I have the RT-AC66*W *, which is the same thing as the ac66u, except its white. i think they kind of throw those last letters around to mean what suites them,or the situation best.


----------



## hat (Jun 25, 2016)

Well, flashing Tomato was successful. All I did was put it in rescue mode and flash Tomato directly from there. I don't know why they have a million hoops for you to jump through (telnet this, TFTP that)...

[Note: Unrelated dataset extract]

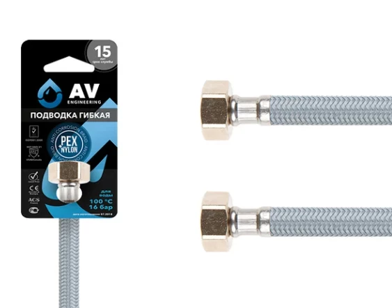Гибкая подводка для воды AV Engineering nylon Lt гайка 1/2" - гайка 1/2" 50 см AVE20850 предназначена для подключения отдельного сантехнического оборудования к основной системе водоснабжения и изготавливается только из высококачественных материалов, что обеспечивает высокую эластичность и многолетнюю исправную работу.

it gives me the functionality I wanted. I can see the amount of data going to each IP now.


----------



## total4linux (Oct 7, 2017)

Hi All
i came across this forum hopping to get some help, i own a RT-N66U and flushed latest Merlin RT-N66U_380.68_2.trx and try to flush latest DD-WRT dd-wrt.v24-29134_NEWD-2_K3.x-big-RT-N66U.trx into it but it won't let me(screen shot attached) also i tried to do via recovery mode which again strangely the wire won't connect to reach to recovery mode GUI.
I am wondering if this is something done(new policy) in Merlin firmware to prevent using other firmwares such as DD-WRT.
is there anyway i can install it via telnet/ssh at all or it is not safe doing so?
thanks for help in advance.


----------



## RejZoR (Oct 7, 2017)

@total4linux 
Go to ASUS page, download latest firmware, flash it and then flash Merlin's firmware. That should do the trick. From there on, it should work directly with Merlin's firmwares...


----------